Confidence estimates are often "detection-like" - driven by positive evidence in favour of a decision. This empirical observation has been interpreted as showing human metacognition is limited by biases or heuristics. Here we show that Bayesian confidence estimates also exhibit heightened sensitivity to decision-congruent evidence in higher-dimensional signal detection theoretic spaces, leading to detection-like confidence criteria. This effect is due to a nonlinearity induced by normalisation of confidence by a large number of unchosen alternatives. Our analysis suggests that detection-like confidence is rational when computing confidence in a higher-dimensional evidence space than that assumed by the experimenter.

Figures (16)

• Figure 1: Relationship between sensory evidence and confidence for (A) discrimination tasks and (B) detection tasks in a 2-dimensional signal detection theory (SDT) model. Circles indicate bivariate Gaussian evidence distributions produced by stimulus S1 (blue), stimulus S2 (yellow), and an absent stimulus (grey). Shaded areas indicate the optimal confidence ratings for an ideal Bayesian observer. (C-D) Two heuristic strategies for responding in discrimination tasks. Under the balance of evidence heuristic (C), confidence is sensitive to relative evidence (the distance from the diagonal). Under the response congruent evidence heuristic (D), confidence is only sensitive to evidence for the chosen option (the distance along the horizontal or vertical axis). Although the balance of evidence heuristic is the optimal strategy for discrimination tasks, confidence ratings tend to resemble the response congruent evidence heuristic, which approximates the optimal strategy in detection tasks. Modified from Mazor2023.
• Figure 2: A-E) Impact of computing confidence in higher-dimensional SDT spaces for a 2D decision between $s_1$ and $s_2$ on (A) confidence, (B) confidence's sensitivity to evidence for the chosen alternative, (C) confidence's sensitivity to evidence for the unchosen alternative, and (D-E) the positive evidence bias (PEB), here computed as the log ratio of the two previous quantities. Confidence is increasingly detection-like (cf. Figure \ref{['fig1']}) as dimensionality increases, exhibiting increased sensitivity to evidence for the chosen alternative relative to the unchosen alternative.
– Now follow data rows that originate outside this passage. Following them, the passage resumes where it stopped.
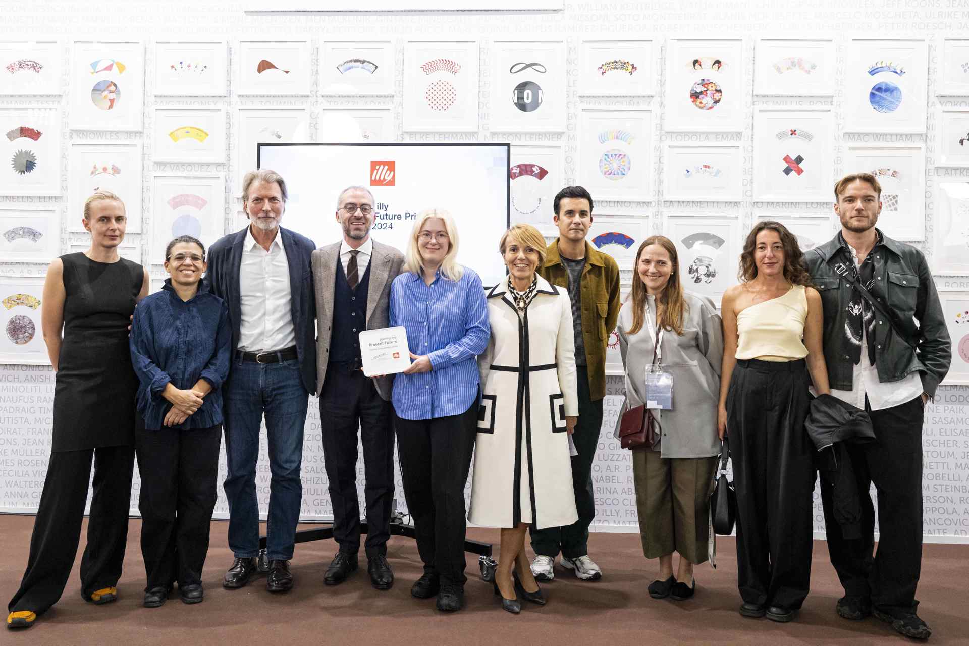 Premio illy Present Future - Maurin Dietrich, giurata, Manuela Moscoso, giurata, Carlo Bach, direttore artistico illy, Luigi Fassi, Angharad Williams, artista vincitrice, Patrizia Sandretto Re Rebaudengo, giurata, João Laia, giurato, Gloria Risi, gallerista, Joel Valabrega e Léon Kruijswijk, curatori Present Future. © Perottino-Piva-Castellano / Artissima 2024
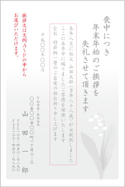 | ○月に○○○が○○歳にて永眠いたしました ここに本年中に賜りましたご厚情を深謝いたしますと共に 明年も変わらぬご支援のほどお願い申し上げます |
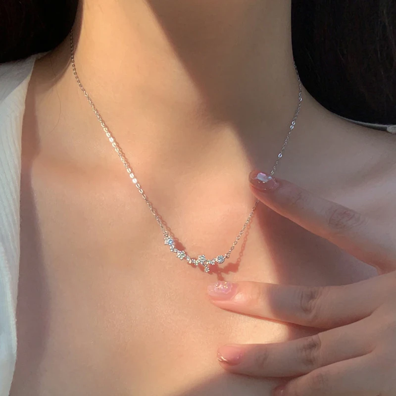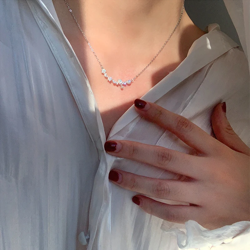 Ожерелье со сверкающими бриллиантами и смайликами из стерлингового серебра 925 пробы, изысканная цепочка до ключиц, подарок на день рождения, женское Ювелирное Украшение
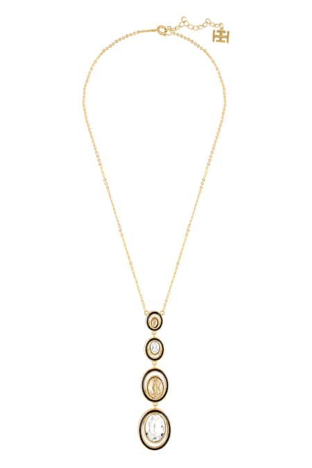 Y shaped pendant necklace featuring multicolor crystal embellishments and enamelled work. Made from brass with an 18kt gold plating and a lobster clasp closure.
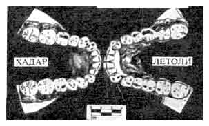 Если основываться на строении зубов и челюстей, то ископаемые популяции из Хадара и Летоли следует отнести к одному виду. Здесь изображены нижняя челюсть AL-400 (слева), которую нашел афарский мальчуган, и челюсть LH-4 (справа), лучшая в коллекции Летоли. Обе они, по существу, идентичны. |

F) Regression coefficients relating chosen and unchosen evidence samples to accuracy (left panel) and confidence (right panel). G) Posterior probabilities of each stimulus class (colored lines) and confidence (black line) along the slice indicated by the dashed white line in panel (A) for $k=10$.
• Figure 3: A) Samples from two equal variance stimulus distributions ($s_1$ and $s_2$), colour-coded by the level of confidence attached to a decision arising from each evidence sample, for increasing dimensionality. For a decision of $s_1$, confidence increases from blue to green. For a decision of $s_2$, confidence increases from red to yellow. B, C) Target:non-target variance ratio computed in (B) evidence space and (C) confidence space.
• Figure 4: Impact of computing confidence in higher-dimensional SDT spaces on confidence surfaces for a 3-way decision between $s_1$, $s_2$ and $s_3$. Conventions as in Figure \ref{['fig2']}.
• Figure 5: A) Model architecture Webb2023. An image $x$, belonging to class $y$, was passed through a deep neural network (DNN) encoder $f$, followed by two output heads: $g_{class}$ generated a decision classifying the image, and $g_{conf}$ generated a confidence score by predicting $p(\hat{y} = y)$, the probability that the decision was correct. B, C) Impact of varying the dimensionality of the training set on a positive evidence bias in confidence obtained for MNIST digit classification. The fitted lines are derived from a logarithmic model in which the impact of dimensionality on PEB saturates at higher dimensionalities.